ColourlessGreenIdeasSleepFuriously · 28/04/2025 20:46

I read one article about AI deskilling senior radiographers to junior level by making them less confident in their diagnoses

QuirkInTheMatrix · 28/04/2025 20:52

ColourlessGreenIdeasSleepFuriously · 28/04/2025 20:46

I read one article about AI deskilling senior radiographers to junior level by making them less confident in their diagnoses

Did you ask ChatGPT to critique the article/research? 😆

ColourlessGreenIdeasSleepFuriously · 28/04/2025 21:01

😑

Thingamebobwotsit · 28/04/2025 21:03

ChatGPT or equivalent is notoriously biased to certain cultures and demographics, therefore if truly embracing independent academic study you have to be careful it isn't baking in assumptions into your work, missing important elements of the evidence base and/or preventing you from doing important critical thinking (let alone all the other valid concerns raised already). You have to remember it's outputs are probabilistic and highly reliant on the data used to train it on.

But I do use it to cut down time on things where starting from scratch is a pain. Or to tidy up something fairly mainstream. This is no different to Googling for templates and ideas etc. Lecture ideas, workshop tools, framing particular well known topics, writing policies etc. All are sense checked and tweaked before hitting the real world though as the quality from AI isn't that great and it definitely hallucinates.
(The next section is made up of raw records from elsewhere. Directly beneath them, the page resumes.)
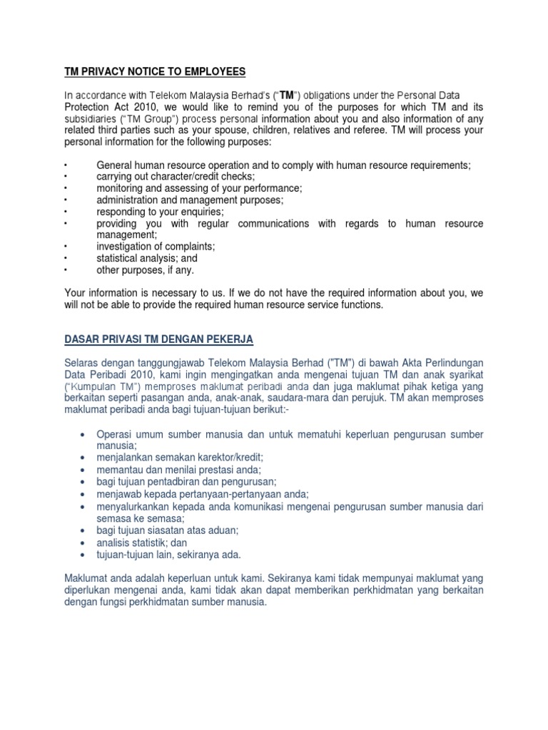 In Accordance With Telekom Malaysia Berhad S Tm Privacy Notice To Employees In Accordance With Telekom Malaysia Berhad S Tm Obligations Under The Personal Data Protection Act 2010 We Would Like To
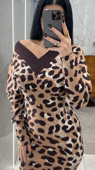 Φόρεμα 16178/Λεοπάρ Καφέ
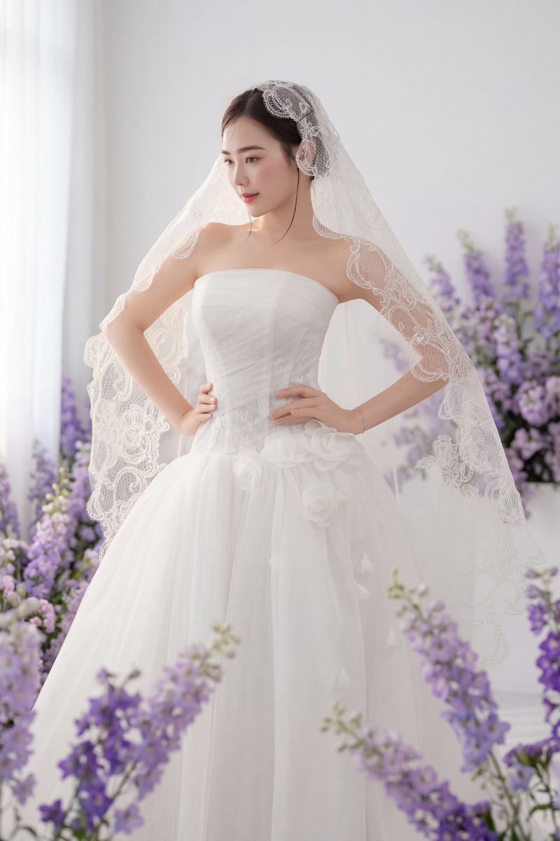 Bên trong là lớp lót mềm mại và thoáng khí. Cô dâu có thể mặc trong nhiều giờ mà vẫn dễ chịu. Đặc biệt phù hợp với thời tiết nóng ẩm. Đây là yếu tố quan trọng trong ngày cưới. Phần veil đi kèm được làm từ ren mỏng. Họa tiết ren tinh tế, không quá dày. Giúp tổng thể giữ được sự thanh thoát. Khi ánh sáng chiếu vào, veil trở nên lung linh hơn.
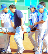 2011.07.05 16: 56실려가는 채태인,'큰 사고가 아니길'
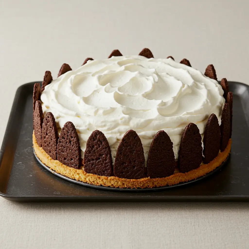 Antes de servir, retire a torta do congelador 10 minutos antes para facilitar o corte. Decore com chantilly usando um saco de confeitar com bico pitanga.

I certainly don't put sensitive or research data into it.

WeirdyBeardyMarrowBabyLady · 28/04/2025 21:14

ColourlessGreenIdeasSleepFuriously · 28/04/2025 20:41

It is vastly more wasteful of energy and water than google for results that are nonsense a non negligible % of the time. It relies on underpaid global majority labour to tag all the data including the grossest underbelly of the internet, with no labour rights or protection or mental health support. it reproduces all the big social biases against women, POC etc.

Edited

I agree with this.

Worried1305 · 28/04/2025 21:20

nyancatdays · 28/04/2025 20:20

God, sorry to sound snitty, but if we don’t know how to do this without asking a machine then should we be doing this job?

I do appreciate that I’m in a field & institution where I have quite a lot of autonomy over what I teach (I’m in a humanities subject and a lot of my teaching is very research-led), but surely if we’re lecturing on a subject and at least a few years experienced in teaching, don’t we know these things without asking ChatGPT?

One of the nice things about writing a lecture is deciding what you want to tell the students that they can’t just get direct from a textbook. Maybe I’m just really lucky, but I like lectures precisely because it’s all me time: these kids have turned up and I’m going to tell them what I want to tell them for fifty minutes. And they’ll like it! 😆

I don’t want to give away identifying information but in order to continue my research career, I’ve had to pivot to teaching on a vocational degree programme which I didn’t myself train in, and I’m under quite extraordinary time pressure due to a very heavy teaching load. My research is excellent but according to you I shouldn’t bother? Thanks for making a fellow academic feel absolutely rubbish about themselves 👍🏻

dailygrowl · 08/07/2025 08:00

I've seen a few people submitting answers that used ChatGPT or another AI tool that made their answer look nonsensical....and bizarrely, they didn't seem to realise they had submitted something nonsensical. So they were rejected. (It didn't look like it was done by a human being like a friend or relative helping them, or simply the candidate being longwinded, because the answers were detailed, in almost encyclopaedic fashion, but clearly not answering the question.) They would have had a better chance of success if they had attempted to answer it themselves using simple sentences.